▶ **What to work on**:
Scan the listing below for the word "Madama" and copy every line where it occurs.

▶ **Supplied data**:
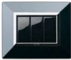
44P93NAL Nero assoluto lucido Polished absolute black NEW
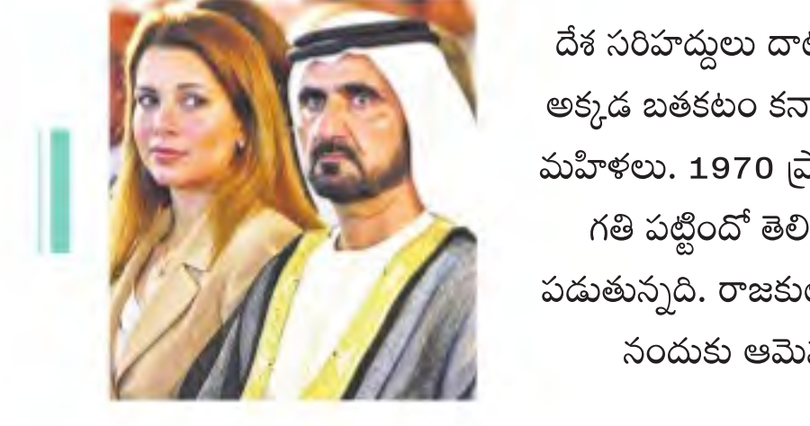
దేశ సరిహద్దులు దాటడం ప్రాణం మీడికి తెచ్చుకోవటం కాదా అంటే, జీవచ్ఛాలుగా అక్కడ బతకటం కన్నా స్వేచ్ఛా గాలుల కోసం ప్రాణాలకైనా తెగిస్తామంటున్నారని అరబ్ మహిళలు. 1970 ప్రాంతంలో సౌదీ అరేబియాలో రాజ కుటుంబీకురాలైన మహిళకు ఏ గతి పట్టిందో తెలిసికూడా అరబ్ మహిళలు తెగిస్తున్న తీరు వారి దుస్థితికి అద్దం పడుతున్నది. రాజకుటుంబ పెద్దలను కాదని ప్రేమించిన వ్యక్తితో ఇల్లువిడిచి పారిపోయినందుకు ఆమెను మత రాజ్యాంగం ప్రకారం బహిరంగ ఉరిశిక్ష విధించారు.

కన్నా ముఖ్యంగా దుబాయి రాజ ప్రాసాంద నుంచి మహిళలు పారిపోవటం ఇది మొదటిసారి కాదు. గతంలోనూ ఇలాంటి ఘటనలు అనేకం జరిగాయి. రాజ కుటుంబానికి చెందిన మహిళలు ఇల్లు విడిచి, దొంగచాటుగా దేశ సరిహద్దులు దాటి విదేశాల్లో ఆశ్రయం కోరిన ఘటనలున్నాయి. గతేడాది దుబాయి రాజ కూతురు షేక్ లతిఫా ఓ ప్రైవేట్ జాతీయమైన స్ట్రీట్ డాన్స్ 19 ఏండ్ల వయస్సులో దేశం విడిచింది. ఆమె రాజప్రాసాంద బంగారు పంజరం నుంచి బయటపడి సముద్ర మాధాన విదేశాలకు పయనమైన విషయాన్ని ఓ వీడియో సందేశాన్ని పంపింది. దీంతో దుబాయి రాజ పౌరుగు దేశాలకు వర్తమానం పంపి తన చెల్లెలును తమకు అప్పగించాలని కోరాడు. ఆమె పయనిస్తున్న పడవ భారత సముద్ర జలాల్లోకి చేరగానే భారత నావికాదళాలు చుట్టుముట్టి నిర్బంధించాయి. ఆమెను దుబాయి రాజకు అప్పగించారు. ఆమెను దుబాయి మతపట్టణ ప్రకారం గృహ నిర్బంధంలో పడేశా
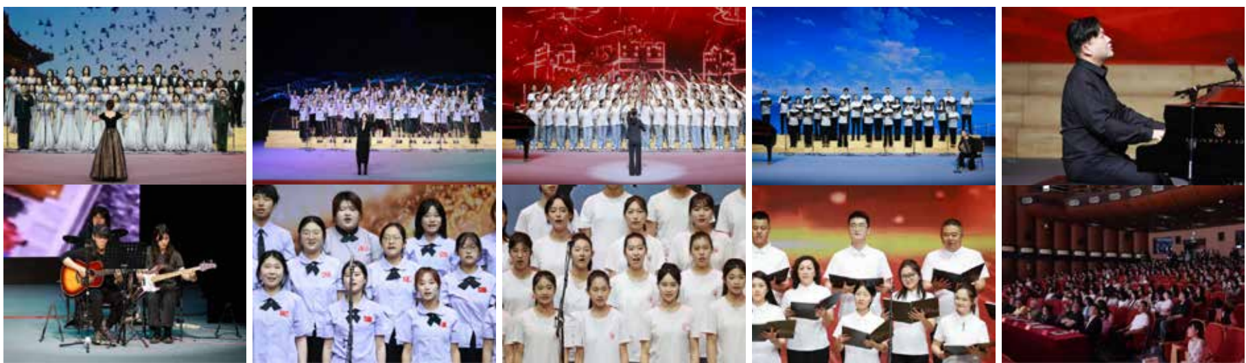
舞台美术系《祖国不会忘记》《我和我的祖国》 艺术管理与文化交流系《我们都是追梦人》《我乘着风飞过来》 附中《万疆》《长城谣》 教职工合唱团《不忘初心》《金梭银梭》
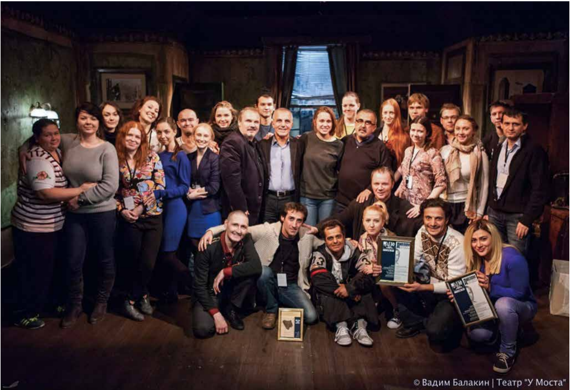
Театр "У Моста"
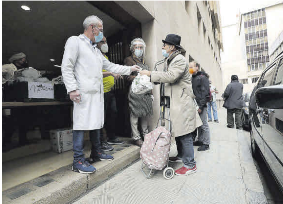
Más diferencia entre ricos y pobres. Reparto de alimentos a las puertas de un comedor social en Zaragoza.

que tienen los 10 hombres más ricos del mundo, entre todos suman más dinero que la mitad de la gente que vive en el mundo.
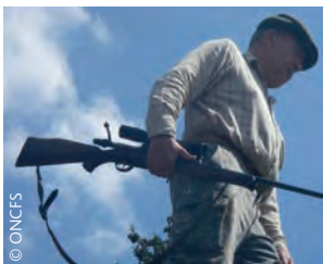
Franchissement d'obstacle : arme sécurisée (déchargée, culasse ouverte)
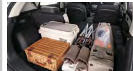
Tylna kanapa składana i dzielona 60 : 40
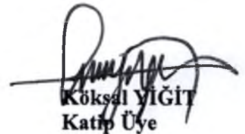
Köksal YİĞİT Katip Üye
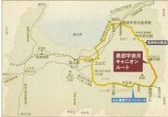
黒部宇奈月キャニオンルート-MAP2
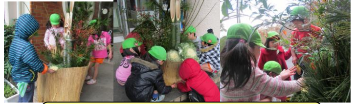
今年もいろいろな事にチャレンジしていきます！ 今年もよろしくお祈りします。
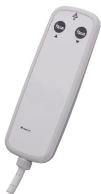
I PROXX 2 C1 02
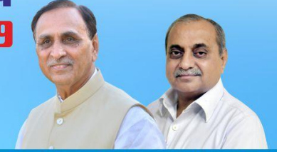
શ્રી વિજયભાઈ રૂપાણી માન. મુખ્યમંત્રી, ગુજરાત રાજ્ય
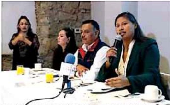
La cartera de inversión federal 2020 contempla obras de infraestructura en Lázaro Cárdenas, señaló la diputada. | WWW.PUBLICMETRO.COM.MX

En el Instituto Mexicano del Seguro Social (IMSS): - Implementación de la
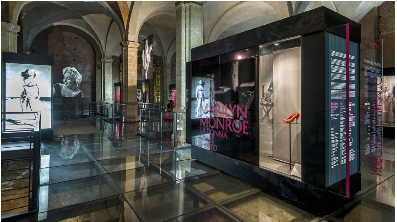
Palazzo Madama, Torino, mostra Marilyn Monroe La donna oltre il mito. Le teche che accolgono abiti e oggetti d'affezione al loro primo utilizzo. Verranno riutilizzate quattordici volte dalla Fondazione Torino Musei non solo a Palazzo Madama.

di capolavori tali e resi tali dalla critica (o dai social) regge la debole e instabile attenzione dei visitatori. La mostra di Antoine de Lonhy a Palazzo Madama si apriva con un cavallo in resina perfettamente bardato che evocava il viaggio dell'artista: è stato l'oggetto più fotografato, fondale di infiniti selfie.

▶ **Task response**:
Palazzo Madama, Torino, mostra Marilyn Monroe La donna oltre il mito. Le teche che accolgono abiti e oggetti d'affezione al loro primo utilizzo. Verranno riutilizzate quattordici volte dalla Fondazione Torino Musei non solo a Palazzo Madama.
di capolavori tali e resi tali dalla critica (o dai social) regge la debole e instabile attenzione dei visitatori. La mostra di Antoine de Lonhy a Palazzo Madama si apriva con un cavallo in resina perfettamente bardato che evocava il viaggio dell'artista: è stato l'oggetto più fotografato, fondale di infiniti selfie.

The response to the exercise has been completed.